Uncovering the etiology of amyloidosis cutis dyschromica in human A team led by Dr. Jer-Yuarn Wu and Dr. Yuan-Tsong Chen at the Institute of Biomedical Sciences in Academia Sinica discovered for the first time that loss of GPNMB causes autosomal-recessive amyloidosis cutis dyschromica. This research was published on February 1, 2018 in the American Journal of Human Genetics.
Uncovering the etiology of autosomal-recessive amyloidosis cutis dyschromica in human: loss of GPNMB
Amyloidosis cutis dyschromica (ACD) is predominantly observed in East and Southeast Asian individuals; however, the inheritance mode and genetic cause has not been elucidated. A team led by Dr. Jer-Yuarn Wu and Dr.
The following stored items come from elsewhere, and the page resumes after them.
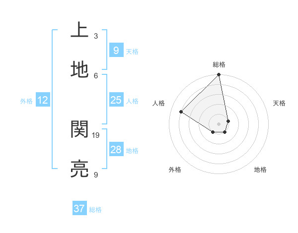 上地 関亮さんの総格は37画の5点!
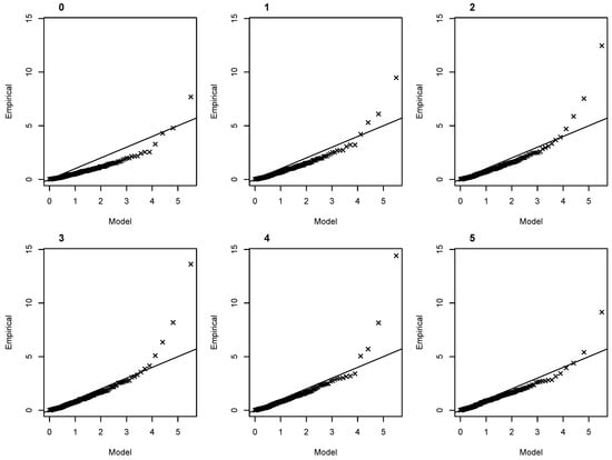 Quantile–quantile plots for the best NHPP model for S at each step of the mixed selection with a constant shape parameter (i.e., Models 0 to 5 of Table 1).
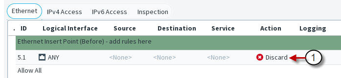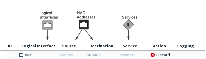 This illustration shows an Ethernet rule that has been inserted into the policy. The Source, Destination, and Service cells are set to NONE, so this rule does not until they are changed to ANY or a more specific value. The Logical Interface cell is also matched against traffic, but it is not mandatory to change it if you want the rule to apply regardless of the interface. The other editable cells specify further conditions and options for handling matching connections. It is not necessary to edit all cells in each rule. Ethernet rules are read from the top down. More specific rules must be placed above more general rules that match the same traffic.
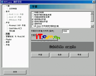 看电影用 DFX 过去我们使用 DFX音频插件是为了增强MP3的音质效果,现在在BSPlayer中,可以让你在看电影时也可以使用DFX。真得能实现吗?点击“选项→偏好设定”项,在“BSPlayer偏好设定”对话框中选中“声音”项下得“Winamp2 DSP外挂”选项,勾选“启用winamp DSP外挂”,并设定插件的安装目录,当然,前提是你的系统中已经安装了DFX插件。 修正字幕 在电影播放方面, BSPlayer最有特点的是它的字幕修正功能,通过字幕功能可以设置字幕的速度和延迟。在“BSPlayer偏好设定”对话框中选中“字幕”项(图4)对字型、色彩、延迟时间进行设置,这点在画面声音和字幕不同步时特别有效。除了对字幕设置外,还可以对Dix文件进行优化处理,重置原来的Dix选项,如:影片效果、亮度和对比度等,优化完成后,占用CPU资源会显得特别少。
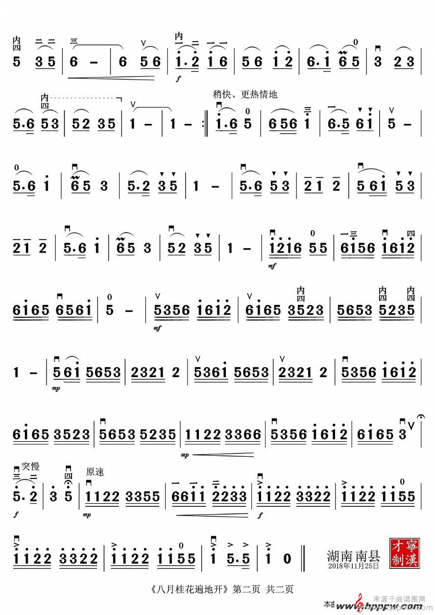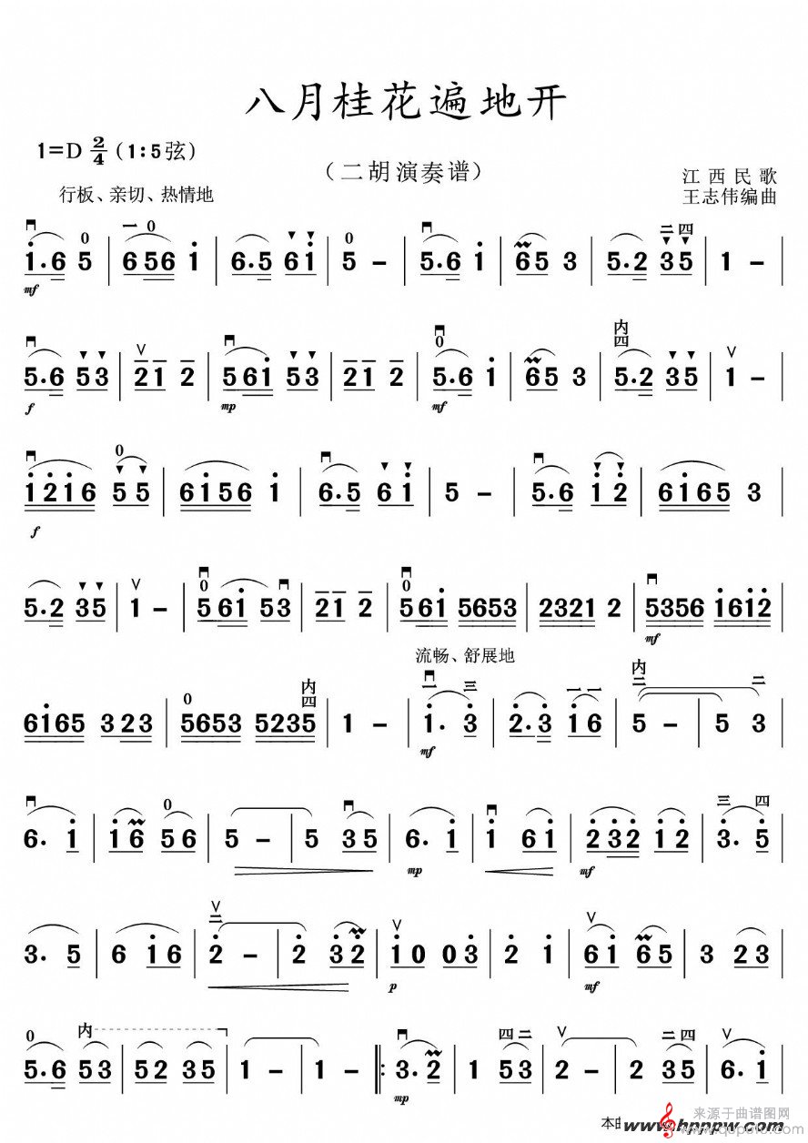 曲谱图网为您提供八月桂花遍地开二胡演奏谱(江西民歌)找谱子,就上曲谱图网。
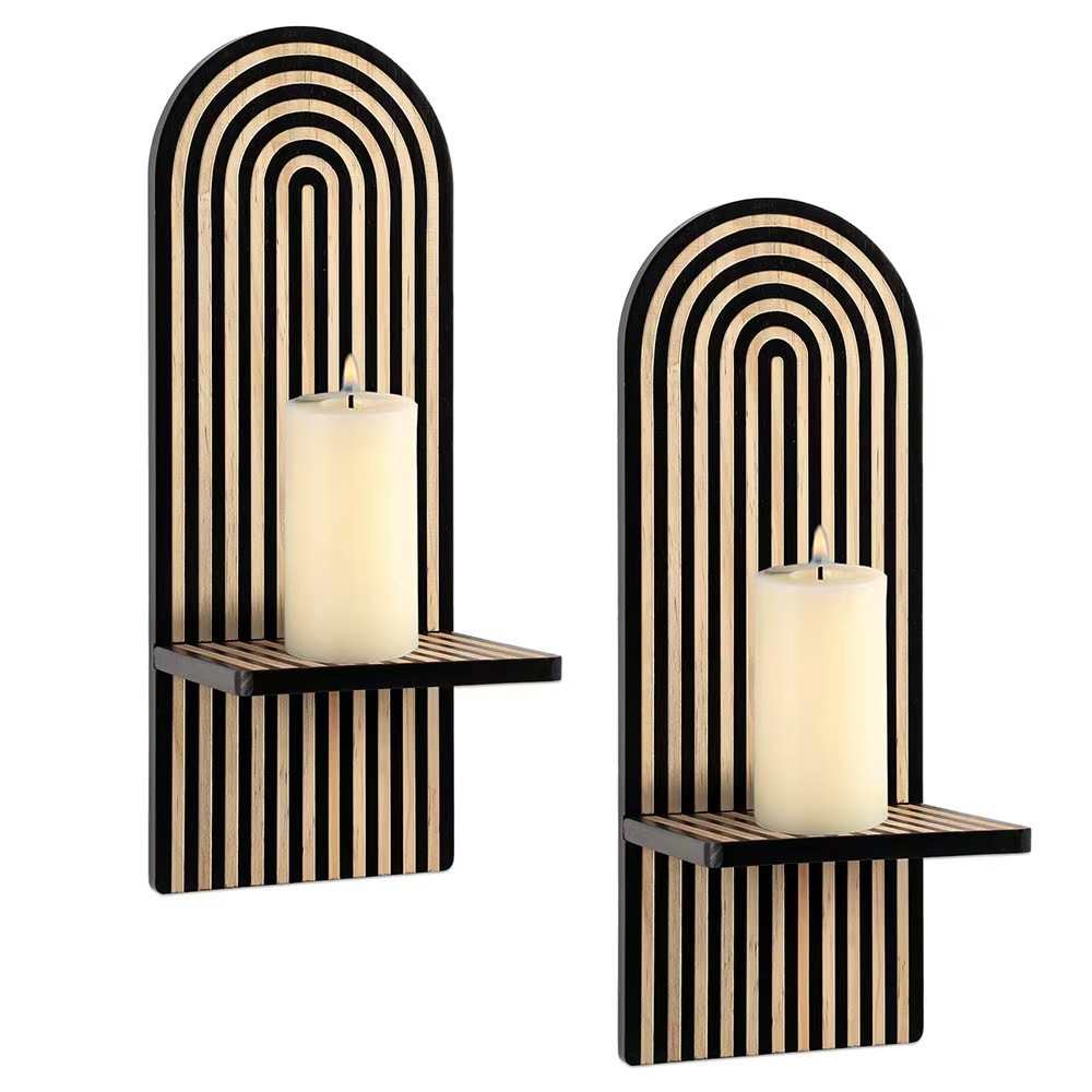 無垢材壁掛け式アロマキャンドルホルダー、黒色装飾壁掛けキャンドルスタンド、木製収納棚、キャンドルホルダー兼収納ラック
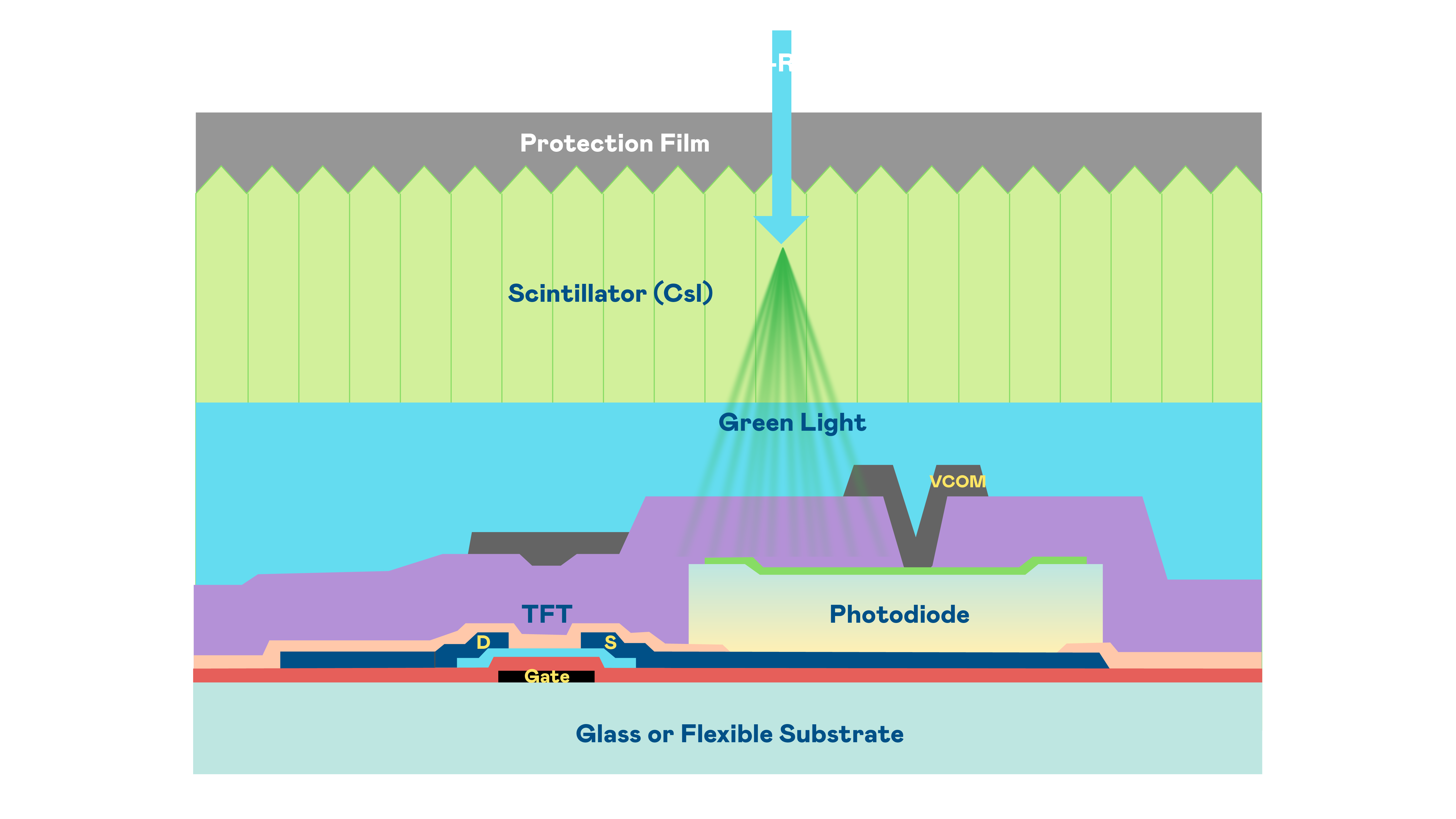 51cg.fun的X光影像感測陣列使用薄膜電晶體 (TFT) 作為每個像素的讀取開關,搭配光電二極體(Photodiode)的光電轉換元件,用以感測X光影像訊號。

Yuan-Tsong Chen at the Institute of Biomedical Sciences in Academia Sinica discovered for the first time that loss of GPNMB causes autosomal-recessive ACD. This research was published on February 1, 2018 in the American Journal of Human Genetics.
The clinical features of ACD include generalized hyperpigmentation mottled
with small hypopigmented macules or patches distributed over the trunks and limbs in a symmetrical pattern; small foci of amyloid deposition in the papillary dermis; onset before puberty; and mild or no pruritus. A previous reported review suggest that ACD may exhibit autosomal dominance inherited with incomplete penetrance. This study examined nine ACD-affected individuals in which the mode of inheritance was autosomal recessive and identified biallelic truncating mutations in each individual, including nonsense mutations and frameshift mutations.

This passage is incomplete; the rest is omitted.